3mitsu - cloudjoints

mar23
...

New year’s eve eve I’m on a ferry to Watson’s Bay about to have an overpriced but amazing piss-up with a bunch of friends. I’m peeping Sydney harbour from outside the ferry engulfed by the crystal clear oceans and smooth blue skies. I’ve got my headphones on listening to cloudjoints smiling like a kid. I first came upon this tape only a few months after its release, in the early stages of my deep dive into this branch of instrumental hiphop. Even though he’d later refine this style, there’s something so thrilling about the deeply sporadic attitude 3mitsu has on this one, throwing rapid successions of drum patterns and sample chops at the wall like dribs and drabs of paint.
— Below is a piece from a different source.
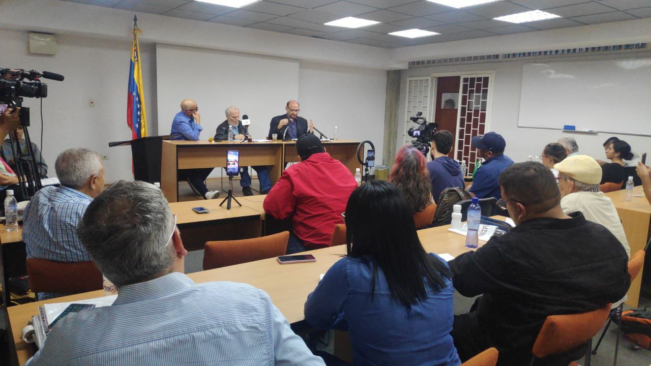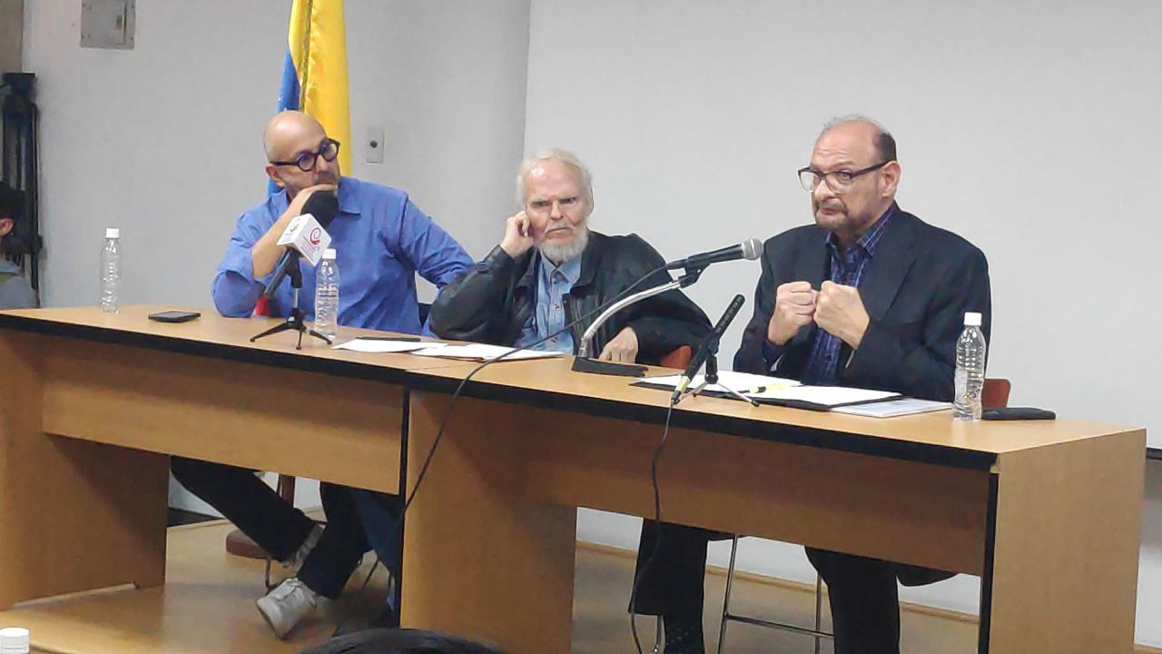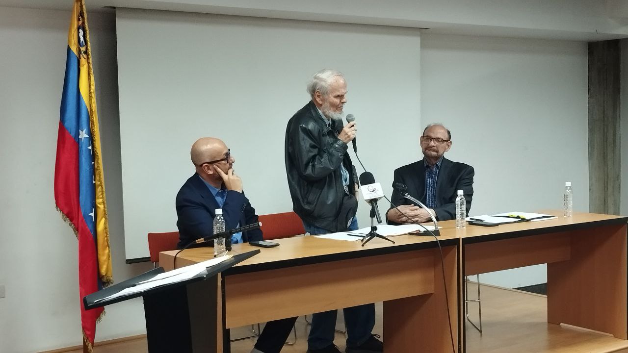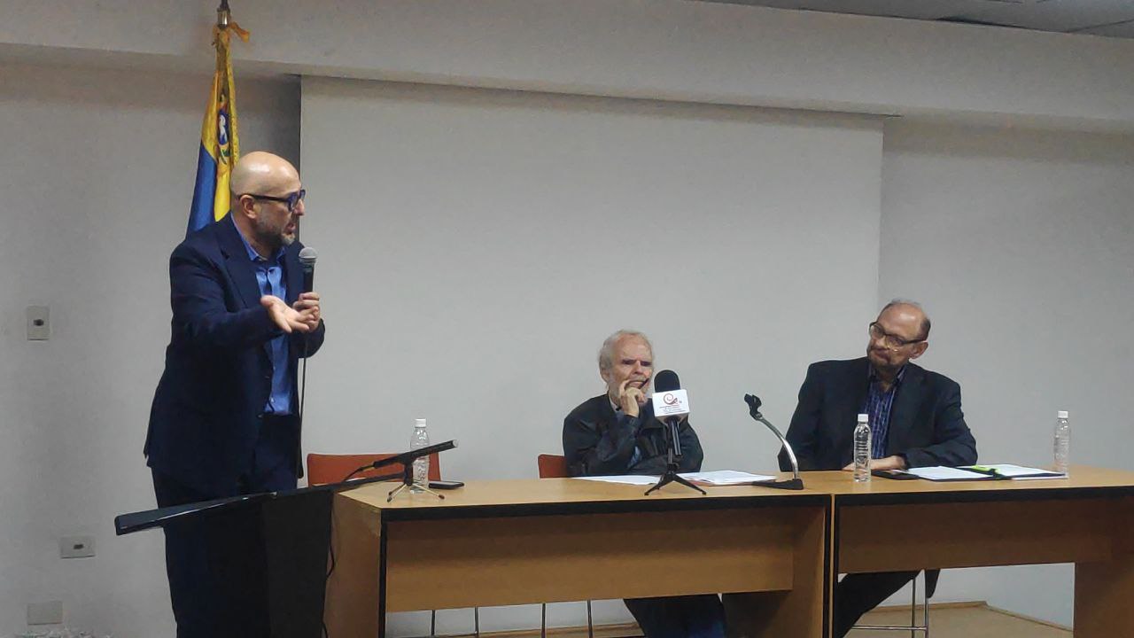 El filósofo, comunicador y director de Laiguana.tv, Miguel Ángel Pérez Pirela; el escritor e intelectual venezolano Luis Britto García y el analista político y presidente de Hinterlaces, Oscar Schémel, participaron este martes en un foro sobre las elecciones presidenciales del próximo 28 de julio, realizado en la Universidad Central de Venezuela (UCV).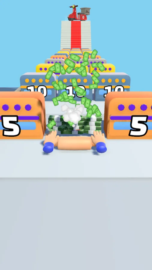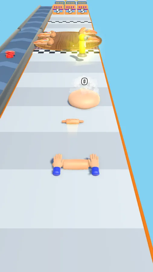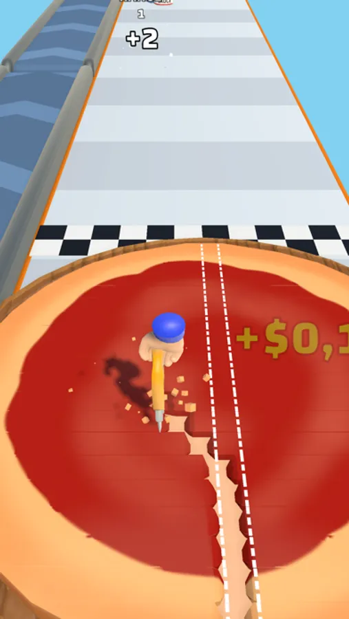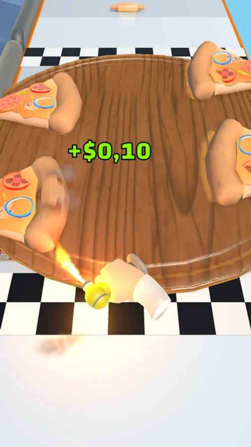 Spread sauce on the rolled-out pizza dough, cut, bake, and earn game coins. Speed up by upgrading.

As soon as ‘missyougirl’ blasts through, we hear exactly where we’re headed on this journey, flipping airy synths and wanting vocals among a flurry of fried hihats and double-hit snares. I’ve said it before about mitsu, but I still find his drum programming completely unique, taking ‘Dilla Time’s concepts of tension and release and stretching the rubber band almost as far as it’ll go - punchy kicks often landing far behind the 1 and 2, and snapping snares pulled far before the 3. It’s a dizzying quality that seems pretty cocophonous upon your first couple of listens but starts tying itself together in perfect knots the more you spin. But what initially drew me into cloudjoints was the wide array of samples. Take a beat like ‘wayside’ which almost seems to fall and flail over itself in its licks of guitar and discordant leads that keeps striking through every bar, followed-up immediately with something so much more slow and steady with ‘sosweet’, with its surypy deep vocals and lagging kicks. This thing jumps from one explosive idea to the next, never waning on one for too long but always keeping itself expressive. Every time I hit play on this one I’m transported back to those beautiful conditions outside the ferry, and everything is okay.

KEY BEAT: be alright pt. 1 & 2 - never sure exactly why but these back-to-back tracks always felt so triumphant to me, smothered in offkilter hats and warm claps, asyllabic hums inviting you in by the second half.